Organization of the Vein Network in Monocotyledonous Leaves
Longitudinal Vein Characteristics
The vascular bundles in leaves and stems in monocots are described as closed. No secondary vascular differentiation can occur and veins are always collateral. In leaves, longitudinal veins are classified as large, intermediate and small on the basis of the presence or absence of large metaxylem vessels (MX) as well as the presence or absence of protoxylem elements (for a detailed discussion see (Botha et al., 1982) and literature cited). Longitudinal leaf blade bundles tend to intergrade with one another, inasmuch that small intermediate veins may for example, resemble small veins closer to leaf tips (Dannenhoffer et al., 1990; Dannenhoffer and Evert, 1994). The first-formed phloem (protophloem) is generally short-lived and is replaced by metaphloem. The metaphloem contains two distinct functional sieve tube types—described as early metaphloem, which contains thin-walled sieve tubes (ST) which are associated with companion cells and vascular parenchyma (VP) cells, and late metaphloem, which consists of a few thick-walled sieve tubes (TST) that lack companion cell associations. TSTs differentiate in close proximity or adjacent to MXs and connect via pore plasmodesma units (PPUs), to VP cells adjacent to the MX. Two or more TSTs, may be present per vascular bundle (Figures 1, 2 and Dannenhoffer et al., 1990). With the exception of Commelina (van Bel et al., 1988) and the Cyperaceae that have been investigated (Botha et al., 2005), no other literature in which the presence of both STs and TSTs in other monocot groups is noted.
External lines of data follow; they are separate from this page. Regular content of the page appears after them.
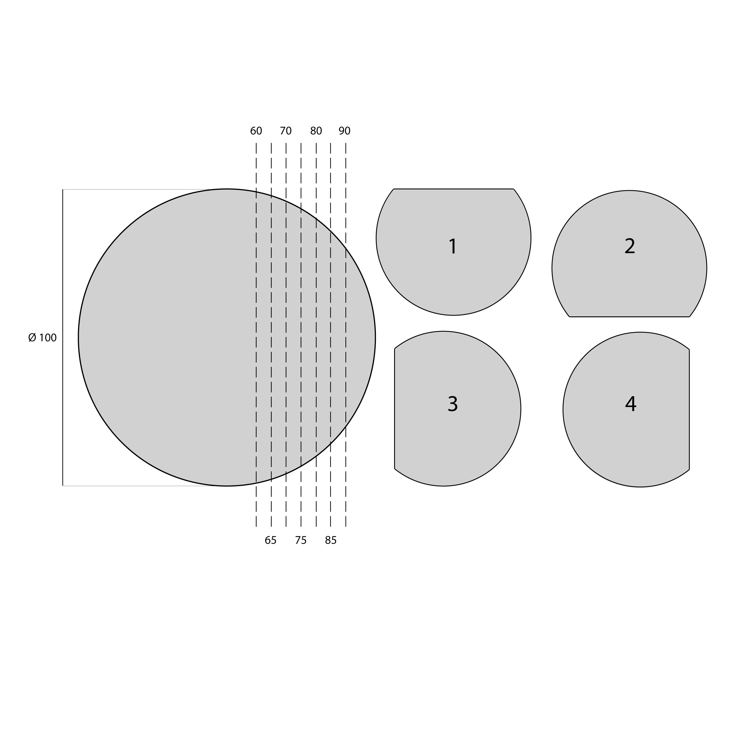 - 100 cm – Średnica, ze ścięciem dostępne rozmiary 100x90cm 100x85cm, 100x80cm, 100x75cm, 100x70cm, 100x65cm, 100x60cm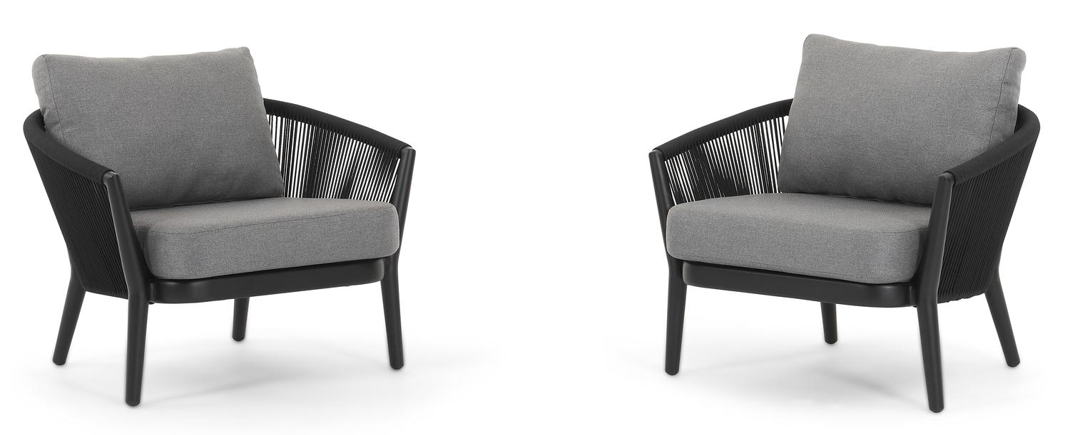 Orso loungeset in zwart aluminium en aluminium met grijs weather+ softtouch kussens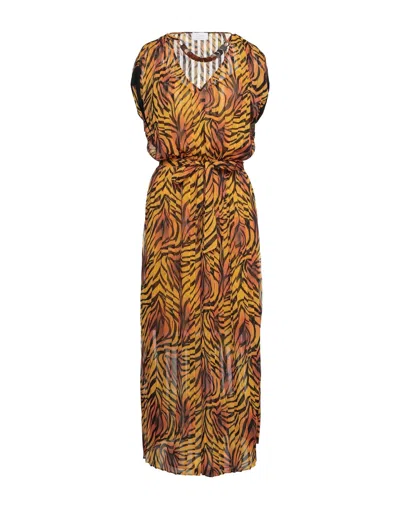 Woman Midi Dress Sand Size 10 Polyester In Pattern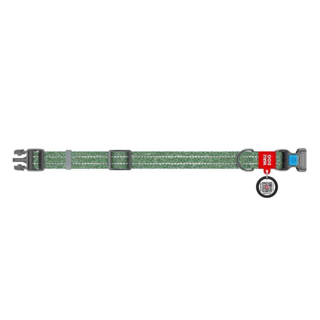 Beskrivning av WAUDOG Re-Cotton Hundhalsband med Smart ID-Bricka Reflex, Grön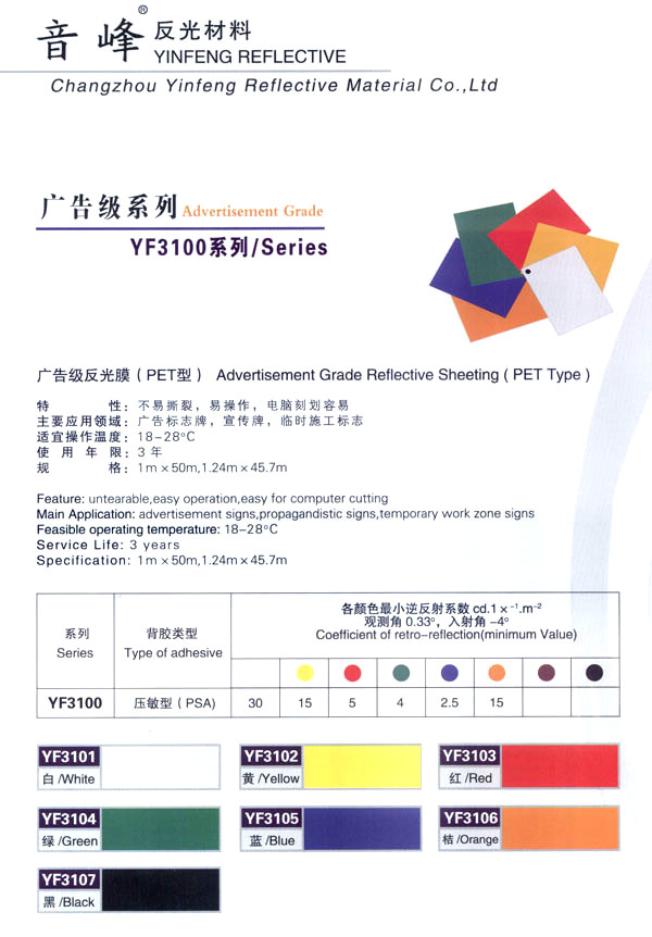 音峰集團是一個多種經(jīng)營的綜合性高科技股份公司,從事反光材料、交通安全設(shè)施、絲網(wǎng)印刷、揚聲器、紡織等產(chǎn)品的研制開發(fā)、生產(chǎn)銷售。公司自創(chuàng)立以來,堅持走科技發(fā)展的道路,以滿足客戶需求為公司宗旨,取得了令人矚目的經(jīng)濟效益和社會效益,使公司規(guī)模不斷擴大。 音峰反光材料有限公司是音峰集團下的一個新銳的子公司,主要從事系列反光材料及發(fā)光膜的研制和開發(fā)。公司擁有國內(nèi)最先進的生活殘設(shè)備,最專業(yè)的研制、開發(fā)人員,公司還投入了大量的資金,年產(chǎn)值達1.5億。 公司主生產(chǎn):廣告級反光膜、工程級反光膜、車牌級反光膜、高強級反光膜、廣告級反光雙色條、發(fā)光膜、噴繪反光膜、晶彩格、電信電力反光膜,鍍鋁膜等等..........根據(jù)國家指令法規(guī):反光材料的領(lǐng)域,如公路標(biāo)志、標(biāo)牌、標(biāo)線、礦山、鐵路等......... 反光膜廣泛應(yīng)用于各種廣告標(biāo)志牌,公路鐵路的導(dǎo)向牌、指示牌、地名牌、車牌,道路交通標(biāo)志,物業(yè)小區(qū)標(biāo)志,臨時施工標(biāo)志,廣告宣傳、安全防護、高等級公路的各種警示標(biāo)語,標(biāo)識牌等。 公司堅持以生產(chǎn)力標(biāo)準(zhǔn)衡量企業(yè)效益和員工業(yè)績,堅持“以人為本,提倡知人、容人、用人、培養(yǎng)人,使企業(yè)具有極強的凝聚力,在激勵的市場競爭中保持旺盛的生命力!笨萍急WC品質(zhì),服務(wù)完善產(chǎn)品“是我們永遠不變的信念。 隨著世界的發(fā)展,企業(yè)經(jīng)營進入了全球化時代,本著這一共識,企業(yè)憑借自身的技術(shù)優(yōu)勢,積極參加國際間合作與競爭,努力拓展國內(nèi)與國際市場,公司愿與國內(nèi)外各界朋友在更廣泛的領(lǐng)域攜手合作,共同發(fā)展,共創(chuàng)繁榮。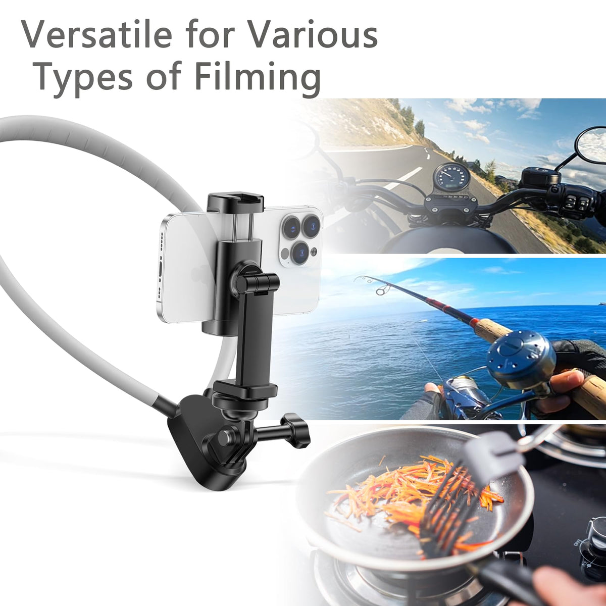 Neck Phone Holder, Hands Free Magnetic Neck-Mounted Phone Holder With Remote Control, Adjustable Pov/Vlog Chest Phone Mount, Com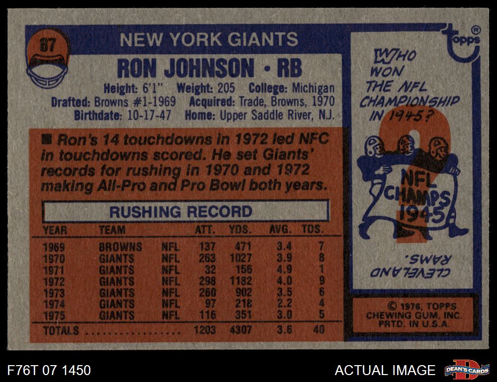 1976 Topps #87 Ron Johnson 6 - EX/MT

Figure 1. Transmission electron micrograph of a large intermediate vascular bundle in the rice leaf blade surrounded by a parenchymatous bundle sheath (BS). The mestome sheath (MS) is only associated with the phloem pole of this vascular bundle. Metaxylem vessels (MX, red cell walls) are associated with two xylem vascular parenchyma cells (XVP, walls outlined in red and with a pale blue fill). Two late-formed, thick-walled metaphloem sieve tubes (unlabeled arrows and blue fill) abut XVPs. The early metaphloem (outlined in white) contains thin-walled sieve tubes (ST) associated with companion cells (CC) and several parenchyma cells (VP).
Figure 2. Detail of the phloem within a large intermediate vascular bundle in the rice leaf blade. Two thick-walled (TSTs, arrows, blue outline, pale blue fill) and numerous thin-walled (STs) sieve tubes are visible. All STs are associated with companion cells (CC, not all are labeled) and surrounding the ST-CC's are peripherally-located vascular parenchyma (VP), external to which is the bundle sheath (BS). Note that the lower ST are larger than the upper ST.
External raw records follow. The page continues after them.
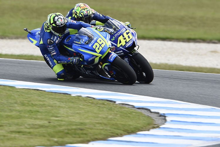 Chez Suzuki, on avait de quoi se réjouir d’un Grand Prix d’Australie qui succédait à un bon Grand Prix du Japon. Une fois encore, les GSX-RR avaient réussi un beau résultat d’ensemble. Sixième pour Iannone parti quatrième et huitième pour un Rins qui s’était élancé treizième. Pas mal, mais Joe le Maniac s’est aussi révélé sur la piste de Phillip Island. Et Valentino Rossi l’a fait savoir…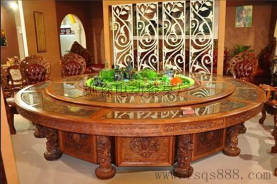 【功能介紹】:電動功能,即桌子的轉(zhuǎn)盤是在電動機(jī)的驅(qū)動下進(jìn)行旋轉(zhuǎn),轉(zhuǎn)速可調(diào),方便用餐人員,夾取食物菜肴,遙控器控制或手動開關(guān)控制旋轉(zhuǎn);另可增設(shè)旋轉(zhuǎn)式電磁爐、電動音樂噴泉等功能。免費配有2個遠(yuǎn)程遙控器,方便侍者服侍。中間放置山水噴泉景觀,水流在滾運石的旋轉(zhuǎn)下飛濺,池中可放置五彩石和金魚,另外可打開音樂功能,增加別樣用餐氛圍。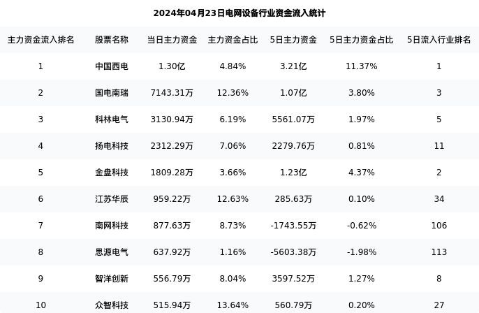 从主力资金流向来看,电网设备行业今日主力资金流入41.42亿元,在所有申万二级行业中排名:70/131。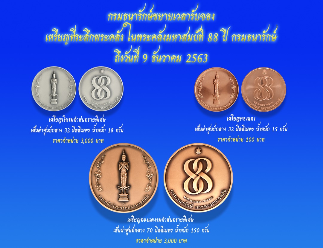 กรมธนารักษ์ขยายเวลาการรับจองเหรียญที่ระลึกพระคลัง ในพระคลังมหาสมบัติ 88 ปี กรมธนารักษ์ จนถึงวันที่ 9 ธ.ค.นี้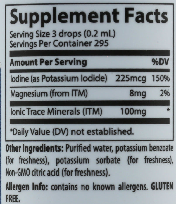 Trace Minerals Liquid Ionic Iodine From Potassium Iodide is a rich, concentrated liquid dietary supplement that provides 225mcg per serving of Iodine from Potassium Iodide. It may help support the healthy thyroid function, hormone production, central nervous system function, and immune function. *

Given this unique, two tier sieve-tube arrangement, it is surprising that relatively little information about the two types of monocot sieve tube is discussed in any detail (see Wilson, 1922; Kuo and O'Brien, 1974; Miyake and Maeda, 1976; Cartwright et al., 1977; Evert et al., 1978, 1996; Eleftheriou, 1981, 1990; Evert, 1981; Colbert and Evert, 1982; Evert and Mierzwa, 1989; Dannenhoffer et al., 1990; Botha, 1992; Botha and van Bel, 1992; Bosabalidis et al., 1994; Trivett and Evert, 1998; Nelson and van Bel, 1998). Unfortunately, the presence or distinction between STs and TSTs are sometimes overlooked and if these are recognized, they may be misinterpreted (see Chonan et al., 1981, 1991; Miyake et al., 1982 and review by van Bel, 2003, for example). Wilson (1922) first reported that the phloem in grasses contained lignified sieve elements, as did Lush (1976) for Lolium tremulentum; Cartwright et al. (1977) for Triticum aestivum; 1974; Kuo, Kuo and O'Brien (1993) for wheat, Eleftheriou (1981) for Aegilops comosa (goat grass); Colbert and Evert (1982), for Saccharum officinarum and Dannenhoffer et al. (1990) for Hordeum vulgare. However, subsequent studies in the same species do not support lignification of the TST walls in these species (see Walsh, 1974; Walsh and Evert, 1975; Evert et al., 1977, 1978, 1996; Heyser et al., 1978; Evert, 1981, 1982; Colbert and Evert, 1982; Fritz et al., 1983; Evert and Mierzwa, 1989; Dannenhoffer et al., 1990; Botha, 1992, 2005; Botha and van Bel, 1992; Evert and Russin, 1993; Matsiliza and Botha, 2002; Botha and Matsiliza, 2004; Scarpella and Meijer, 2004).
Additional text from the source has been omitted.